Las organizaciones cívicas se han convertido en una fuerza social. Como comentaba Lola Galán en este mismo diario hace un tiempo, son capaces de doblegar gobiernos y de poner en un brete a instituciones como el FMI. Su número crece, hasta el punto de que en nuestro país parecen superar las 1.500. Y, sobre todo, se están convirtiendo en coprotagonistas del orden global, donde comparten reparto con los Estados y las empresas transnacionales. Forman parte de lo que se ha llamado la "Sociedad Civil Global".

Sin embargo, éxito obliga. Es difícil gozar de una identidad reconocida con tal proliferación de asociaciones, y es difícil influir en el poder político y económico sin adoptar una estructura empresarial o sin asociarse a empresas que ayudan a la organización solidaria a aparecer en público y a tener capacidad de presión.

De ahí que el voluntariado se vea envuelto en sospechas y recelos. Parece, por un lado, que en muchas ocasiones las organizaciones voluntarias no serán "gubernamentales" (que a veces sí lo son), pero tampoco se les puede caracterizar como "asociaciones sin ánimo de lucro" porque más bien parecen convertirse en un negocio. Y, por otro lado, sectores de un progresismo trasnochado les acusan de hacer el juego al sistema, poniendo parches donde lo necesario es transformar totalmente un sistema perverso. ¿Qué hacer?

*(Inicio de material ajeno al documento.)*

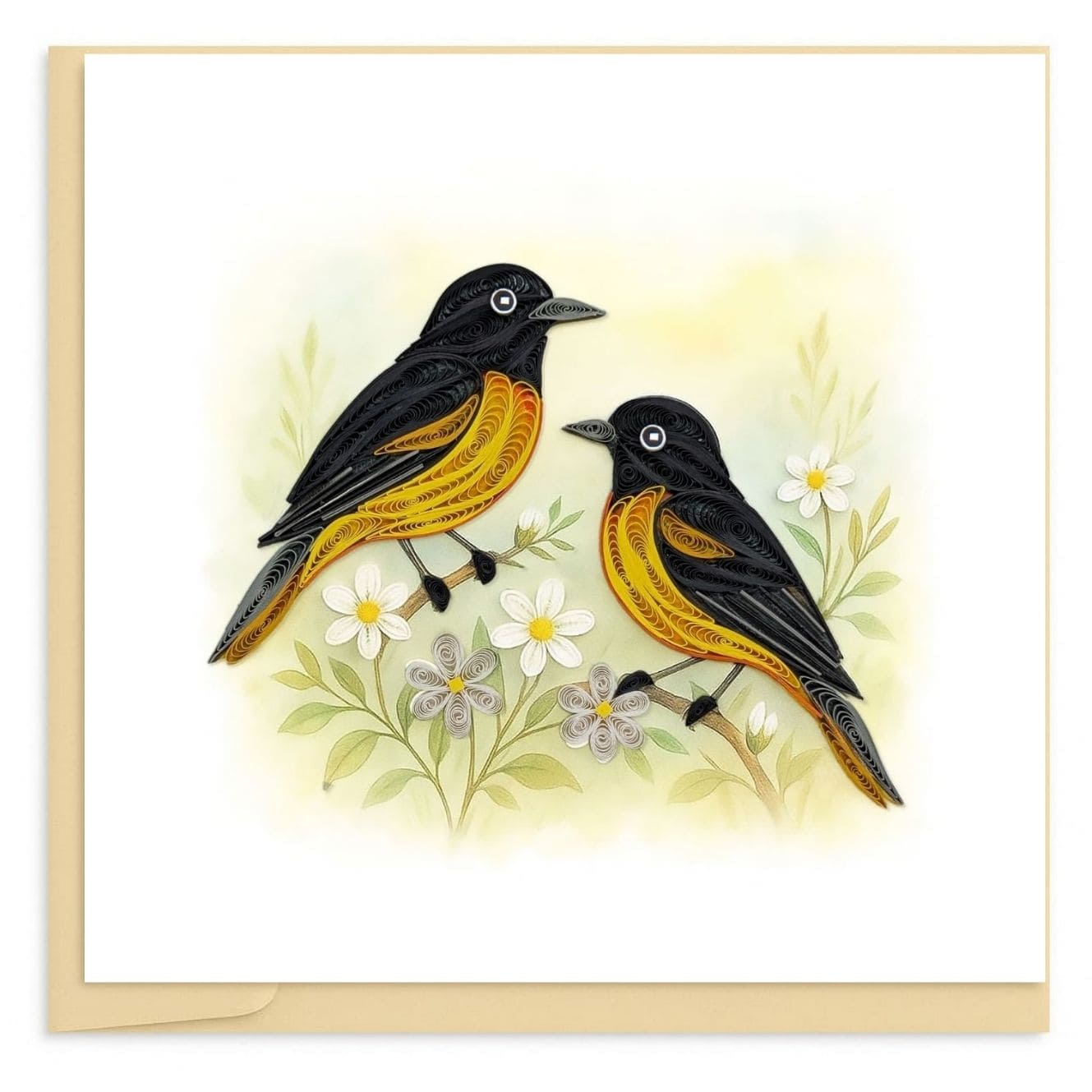 Two orioles resting among soft florals, crafted in layered paper quilling with warm yellow tones and gentle botanical details.

A mi juicio, la necesidad de que exista una actividad como la voluntaria se muestra en que proporciona bienes a la sociedad sin los que sería mucho menos humana de lo que es. Y, en este sentido, el voluntariado ofrece al menos un bien al que es imposible renunciar: cobra todo su sentido de bregar por la exclusión cero, a través de la solidaridad personal y voluntaria, de trabajar por que no haya excluidos, invirtiendo en ello parte de la vida. Tarea que alguien tiene que realizar si nuestra sociedad quiere ser fiel a sus más elementales proclamas éticas.

Trata la ética de la forja del carácter (êthos) para tomar decisiones justas y felicitantes. Y precisamente la tarea del voluntariado está conectada con la justicia y la felicidad, con lo que hace una vida digna de ser vivida.

En lo que hace a la justicia, en nuestras tradiciones un principio constituye la base: el reconocimiento de que cada persona es un fin en sí misma, que es en sí misma valiosa, y por eso no se le puede intercambiar por un precio, sino que tiene dignidad. Esta afirmación kantiana de lo que se ha llamado el "fin en sí mismo" ve la luz a finales del siglo XVIII, cuando el primer capitalismo consagra el mundo del intercambio de mercancías y rompe ese círculo del intercambio infinito. Hay algo que no se intercambia por un precio, porque no es intercambiable. Hay algo que no tiene precio, sino dignidad.

Sin embargo, ¿cómo atender al principio de la dignidad humana en sociedades en que éste forma parte de lo que José Luis Aranguren llamaría "la moral pensada", lo que creemos que debería de ser, y no de "la moral vivida", la que funciona en la vida corriente? Porque en la vida cotidiana el que funciona como principio supremo es el principio del intercambio y, como consecuencia, el principio Mateo, tan útil en la economía de las relaciones humanas.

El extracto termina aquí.